I see no reason why it wouldn't work if I can just figure out what, exactly, the "error" is and fix it. :slight_smile: I don't know how to go about researching the error because there is no error #/name/ID.

Looks like you have a number of duplicate words in this statement.

I think you are going in circles now :wink: As far as I can tell your script does the same as Chris’ script from above, which I packed as doc>docx version in the applet.

I showed you the correct output format in the earlier post:

save as file format format document file name theFilename without maintain compatibility

(You have written “file format format DOCX” which doesn’t exist.)

If you want to save it with Compatibility remove the without maintain compatibility part.

To find the available formats and other options open Word’s AppleScript dictionary with Script Editor.
‌

The critical difference is that the new version converts files 1-by-1, rather than first opening all of the files at once before even beginning to convert the first file (which -- in the case of my particularly-sized files -- would crash MS Word after about 50 windows) .

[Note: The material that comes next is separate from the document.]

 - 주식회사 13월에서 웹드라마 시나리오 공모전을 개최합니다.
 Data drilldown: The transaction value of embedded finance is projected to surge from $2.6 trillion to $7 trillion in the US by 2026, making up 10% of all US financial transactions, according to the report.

So, just to clarify, the following script works perfectly to convert batches of hundreds/thousands of .doc files to .docx, without losing any formatting, graphics, tables, etc. I saved it as a "service" (doc2docx1by1) whereby I highlight all files in the Finder that I wish to convert and then select the "doc2docx1by1" service from the Finder's contextual menu.

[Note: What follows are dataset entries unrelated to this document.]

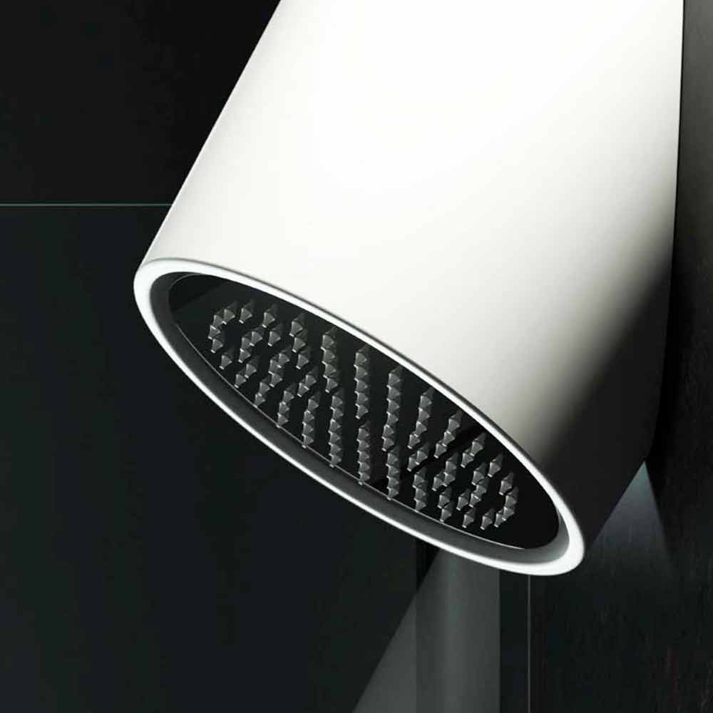 Wandduschkopf aus Luxolid in Italien, Rubano Rubano ist ein minimalistischer Duschkopf für die Wandmontage. Sein diagonaler Wasserstrahl ist so konzipiert, dass er den Fluss von Wasser optimiert, was die Idee eines Wasserfalls vermittelt.
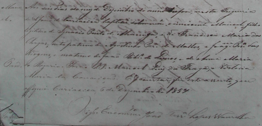 - Manoel, batizado no dia 06/12/1857, na Freguezia de Cariacica-ES
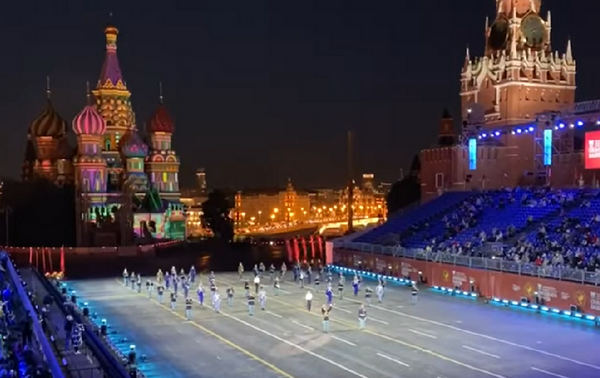 Η ελληνική στρατιωτική ορχήστρα «Θησέας» αφιέρωσε την εμφάνισή της στον συνθέτη, ενώ τα πορτρέτα του προβλήθηκαν πάνω στην ελληνική σημαία με φόντο το Κρεμλίνο.

property theList : {"doc"}
on run {input, parameters}
    set output to {}
    tell application "Microsoft Word" to set theOldDefaultPath to get default file path file path type documents path
    repeat with x in input
        try
            set theDoc to contents of x
            tell application "Finder"
                set theFilePath to container of theDoc as text

                set ext to name extension of theDoc
                if ext is in theList then
                    set theName to name of theDoc
                    copy length of theName to l
                    copy length of ext to exl

                    set n to l - exl - 1
                    copy characters 1 through n of theName as string to theFilename

                    set theFilename to theFilename & ".docx"

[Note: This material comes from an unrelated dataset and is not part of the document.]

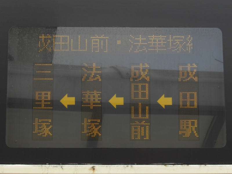 成田駅にて撮影。写真右は側面方向幕の表示。

                    tell application "Microsoft Word"
                        set default file path file path type documents path path theFilePath
                        open theDoc
                        set theActiveDoc to the active document
                        save as theActiveDoc file format format document file name theFilename without maintain compatibility
                        copy (POSIX path of (theFilePath & theFilename as string)) to end of output
                        close theActiveDoc
                    end tell
                end if
            end tell
        end try
    end repeat
    tell application "Microsoft Word" to set default file path file path type documents path path theOldDefaultPath
    return output
end run

The applet opens one file after the other here:
It opens 1 file, saves it as docx, closes it, then proceeds to the next one.

But I’m glad if you have found a version that suits you better :wink:

without losing any formatting, graphics, tables, etc.

Of course. With either script it’s Word that does the conversion.

Does anyone here know if it is even possible to create an “always running until manually stopped” AppleScript that will perform a COMMAND-PERIOD action on any MS Word file that remains open for more than 15 seconds? I am asking this because I am running batch operations on thousands of .doc/.docx files and MS Word “stalls out” fairly often on certain files. Pressing COMMAND-PERIOD immediately fixes the problem and enables the batch operation to proceed again.